Me: "Hey team, the tests are failing."

Team member: "That cannot be. They were passing for the the last run."

Me: "Did you run them locally?"

Team member: "No, on Jenkins. It was fine."

I check Jenkins.

Me: "What do you mean it's fine. The last successful deployment was on the end of May."

Team member: "The Pull Request checker always went through successfully."

I check how our Jenkins tasks are configured. It's true that the Pull Request Checker runs successfully yet due to a "minor misconfiguration" (aka "major fuckup") the Pull Request Checker only tests a tiny subset of the entire test suite.

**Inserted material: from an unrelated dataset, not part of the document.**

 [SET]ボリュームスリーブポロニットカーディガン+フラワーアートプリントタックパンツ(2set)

Team members were were fine if their Pull Request got the "Success" notification on bitbucket's pull request page. And reviewers trusted that icon as well.

They never checked the master run of the Jenkins task. Where the tests were also failing for over a month.

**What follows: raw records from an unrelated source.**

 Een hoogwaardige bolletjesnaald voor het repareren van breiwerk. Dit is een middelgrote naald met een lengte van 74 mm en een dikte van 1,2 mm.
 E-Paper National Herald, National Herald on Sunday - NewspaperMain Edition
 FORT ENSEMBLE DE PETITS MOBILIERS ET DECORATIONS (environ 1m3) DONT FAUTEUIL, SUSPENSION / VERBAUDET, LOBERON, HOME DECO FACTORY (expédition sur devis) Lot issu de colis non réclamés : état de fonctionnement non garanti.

I'm also highely confused how they did TDD. You know, writing a test first, making it green. (I hope they were just one specific test at a time assuming the others were green. The cynic in me assumes they outsourced running the tests to the Jenkins.)

Gnarf!

Team member having run the tests locally finally realizes: "The tests are broken. Gonna fix them."

Wow. Please, dear fellow developers: It does not kill you to run the entire test suite locally. Just do it. Treat the external test runners as a safety net. Yet always run the test suite locally first.

Comments
  • 11
    You know it's time to stop when you read git pul as pit bull...
  • 4
    most of developers, (and I mean the bast majority) don't "believe" on TDD and think testing is just to fulfill corporation rules to deploy
  • 1
    How does this happen?! How can you develop stuff locally and not run your tests?! Even if you don't do tdd, why would you test by pushing ever commit? Insane!
  • 0
    Remote tests are just to double check. Real tests are local!